Wrote Gilpin, District Attorney at Philadelphia, in answer to his private letter as to prosecution for frauds in Philadelphia Navy Yard.
The papers are publishing the details of the expedition to Wilmington, and disclosing some confidential circumstances which ought not to be made public. One of the Philadelphia editors says the facts were ascertained and given to the press by Osborn of New York, a prowling mercenary correspondent of the newspapers who buys blackmail where he can, and sells intelligence surreptitiously obtained. I wrote to the Secretary of War, giving him the facts for such action as he may be disposed to take. He informed Fox that he would arrest and try by court martial.

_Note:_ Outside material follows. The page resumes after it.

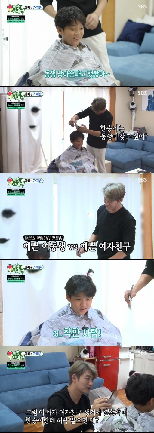 이날 아들 이한승 군의 머리가 너무 길어 아빠 이태성은 이발을 해주겠다고 나섰다. 그는 능숙하게 아들의 머리를 자르기 시작했다.
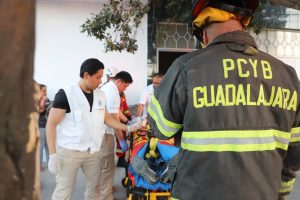Tras ser estabilizado por bomberos de Guadalajara, el herido fue trasladado por elementos de SAMU Jalisco hasta un puesto de socorros para su atención.

Intelligence of the death of Mr. Dayton, our Minister to France, creates some commotion among public men. The event was sudden and his loss will be felt. . . . I had a light and pleasant acquaintance with him when in the Senate some fifteen or eighteen years ago, and we had some correspondence and one or two interviews in the Frémont campaign in 1856, when he was pleased to compliment me, on comparing Connecticut and New Jersey, with having done much to place my own State in a right position. We met again in the spring of 1861. He was a dignified and gentlemanly representative, not a trained diplomat, and unfortunately not acquainted with the language of the French Court. A numerous progeny has arisen at once to succeed him. John Bigelow, consul at Paris, has been appointed Chargé, and I doubt if any other person will be selected who is more fit. Raymond of the Times wants it, but Bigelow is infinitely his superior.